Top of Records supplied

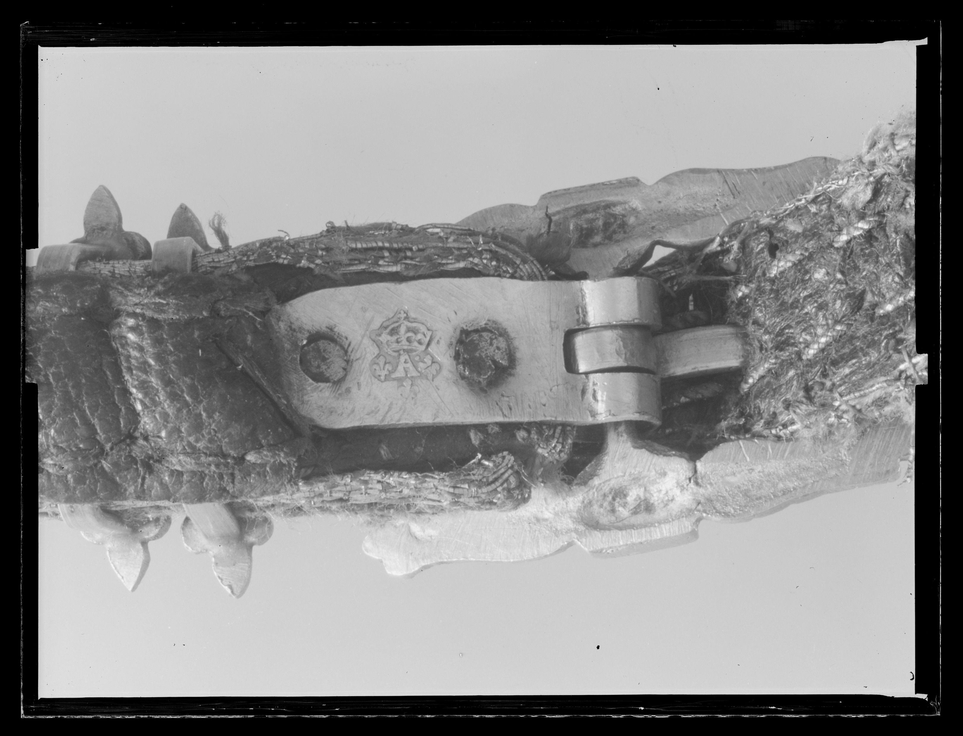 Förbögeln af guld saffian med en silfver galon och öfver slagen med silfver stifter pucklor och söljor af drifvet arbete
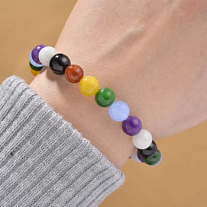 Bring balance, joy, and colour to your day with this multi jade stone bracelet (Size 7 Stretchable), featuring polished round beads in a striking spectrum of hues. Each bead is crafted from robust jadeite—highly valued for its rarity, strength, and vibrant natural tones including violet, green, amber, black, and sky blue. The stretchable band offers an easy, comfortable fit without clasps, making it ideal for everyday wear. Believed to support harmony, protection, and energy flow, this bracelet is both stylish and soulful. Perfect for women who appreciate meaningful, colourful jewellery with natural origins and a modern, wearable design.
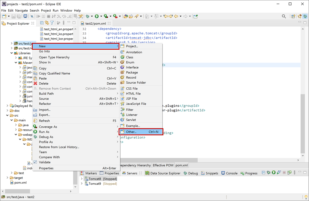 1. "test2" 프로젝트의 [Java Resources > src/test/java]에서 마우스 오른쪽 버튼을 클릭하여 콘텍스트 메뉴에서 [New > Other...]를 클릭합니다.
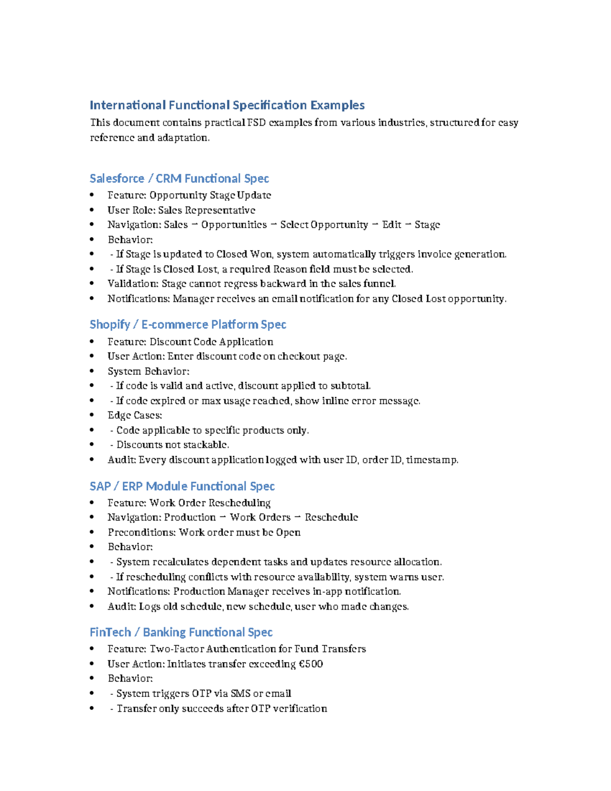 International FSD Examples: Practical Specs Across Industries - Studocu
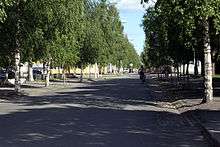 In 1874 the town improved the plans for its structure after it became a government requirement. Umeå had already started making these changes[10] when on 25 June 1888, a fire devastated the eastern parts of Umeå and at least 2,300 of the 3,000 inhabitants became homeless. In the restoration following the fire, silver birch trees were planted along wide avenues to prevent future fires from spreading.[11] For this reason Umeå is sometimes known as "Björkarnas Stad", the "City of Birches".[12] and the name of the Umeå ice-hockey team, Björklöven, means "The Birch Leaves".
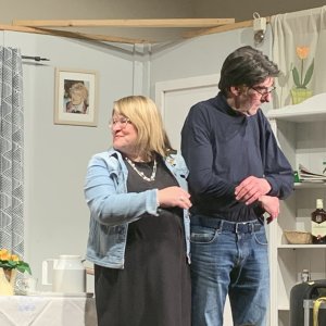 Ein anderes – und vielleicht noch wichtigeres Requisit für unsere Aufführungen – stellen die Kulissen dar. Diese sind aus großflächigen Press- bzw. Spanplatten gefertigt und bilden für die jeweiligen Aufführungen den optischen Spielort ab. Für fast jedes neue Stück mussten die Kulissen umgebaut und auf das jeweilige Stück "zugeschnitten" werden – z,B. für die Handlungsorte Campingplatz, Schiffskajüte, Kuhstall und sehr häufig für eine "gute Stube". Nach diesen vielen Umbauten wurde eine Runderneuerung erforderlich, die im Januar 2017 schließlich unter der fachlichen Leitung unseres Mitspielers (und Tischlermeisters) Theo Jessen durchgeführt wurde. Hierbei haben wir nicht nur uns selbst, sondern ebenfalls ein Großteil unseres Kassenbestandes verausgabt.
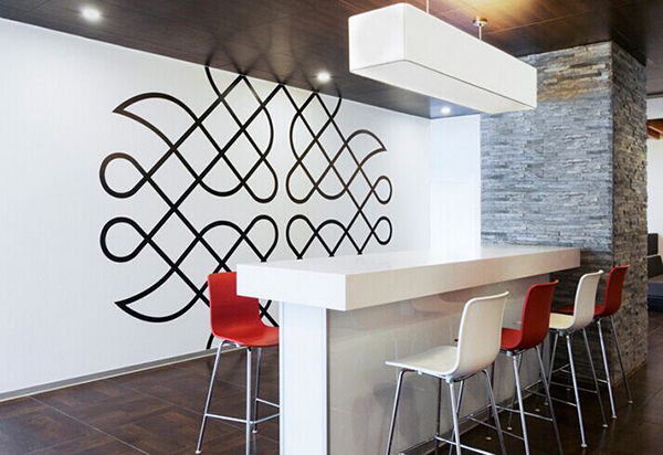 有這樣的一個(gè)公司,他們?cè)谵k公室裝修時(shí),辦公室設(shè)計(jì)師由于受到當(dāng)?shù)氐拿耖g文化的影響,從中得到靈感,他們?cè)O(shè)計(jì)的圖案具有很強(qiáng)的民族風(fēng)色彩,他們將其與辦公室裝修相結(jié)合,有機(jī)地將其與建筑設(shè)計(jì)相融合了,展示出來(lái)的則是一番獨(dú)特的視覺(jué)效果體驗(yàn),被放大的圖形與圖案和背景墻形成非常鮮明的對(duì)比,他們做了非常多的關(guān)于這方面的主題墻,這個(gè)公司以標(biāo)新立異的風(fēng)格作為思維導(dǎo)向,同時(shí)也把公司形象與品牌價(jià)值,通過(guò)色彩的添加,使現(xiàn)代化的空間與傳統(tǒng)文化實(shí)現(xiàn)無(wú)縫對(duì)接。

Bottom of Records supplied
Top of Records supplied

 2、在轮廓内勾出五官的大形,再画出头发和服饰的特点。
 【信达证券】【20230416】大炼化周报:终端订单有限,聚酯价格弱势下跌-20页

Bottom of Records supplied

_Goal of the exercise_
In the data above, retype only the stretch from the line with "[New > Other...]를 클릭합니다." through the line with "有這樣的一個(gè)公司,他", word for word, and skip any pictures.

_Response to this exercise_
 1. "test2" 프로젝트의 [Java Resources > src/test/java]에서 마우스 오른쪽 버튼을 클릭하여 콘텍스트 메뉴에서 [New > Other...]를 클릭합니다.
 International FSD Examples: Practical Specs Across Industries - Studocu
 In 1874 the town improved the plans for its structure after it became a government requirement. Umeå had already started making these changes[10] when on 25 June 1888, a fire devastated the eastern parts of Umeå and at least 2,300 of the 3,000 inhabitants became homeless. In the restoration following the fire, silver birch trees were planted along wide avenues to prevent future fires from spreading.[11] For this reason Umeå is sometimes known as "Björkarnas Stad", the "City of Birches".[12] and the name of the Umeå ice-hockey team, Björklöven, means "The Birch Leaves".
 Ein anderes – und vielleicht noch wichtigeres Requisit für unsere Aufführungen – stellen die Kulissen dar. Diese sind aus großflächigen Press- bzw. Spanplatten gefertigt und bilden für die jeweiligen Aufführungen den optischen Spielort ab. Für fast jedes neue Stück mussten die Kulissen umgebaut und auf das jeweilige Stück "zugeschnitten" werden – z,B. für die Handlungsorte Campingplatz, Schiffskajüte, Kuhstall und sehr häufig für eine "gute Stube". Nach diesen vielen Umbauten wurde eine Runderneuerung erforderlich, die im Januar 2017 schließlich unter der fachlichen Leitung unseres Mitspielers (und Tischlermeisters) Theo Jessen durchgeführt wurde. Hierbei haben wir nicht nur uns selbst, sondern ebenfalls ein Großteil unseres Kassenbestandes verausgabt.
 有這樣的一個(gè)公司,他們?cè)谵k公室裝修時(shí),辦公室設(shè)計(jì)師由于受到當(dāng)?shù)氐拿耖g文化的影響,從中得到靈感,他們?cè)O(shè)計(jì)的圖案具有很強(qiáng)的民族風(fēng)色彩,他們將其與辦公室裝修相結(jié)合,有機(jī)地將其與建筑設(shè)計(jì)相融合了,展示出來(lái)的則是一番獨(dú)特的視覺(jué)效果體驗(yàn),被放大的圖形與圖案和背景墻形成非常鮮明的對(duì)比,他們做了非常多的關(guān)于這方面的主題墻,這個(gè)公司以標(biāo)新立異的風(fēng)格作為思維導(dǎo)向,同時(shí)也把公司形象與品牌價(jià)值,通過(guò)色彩的添加,使現(xiàn)代化的空間與傳統(tǒng)文化實(shí)現(xiàn)無(wú)縫對(duì)接。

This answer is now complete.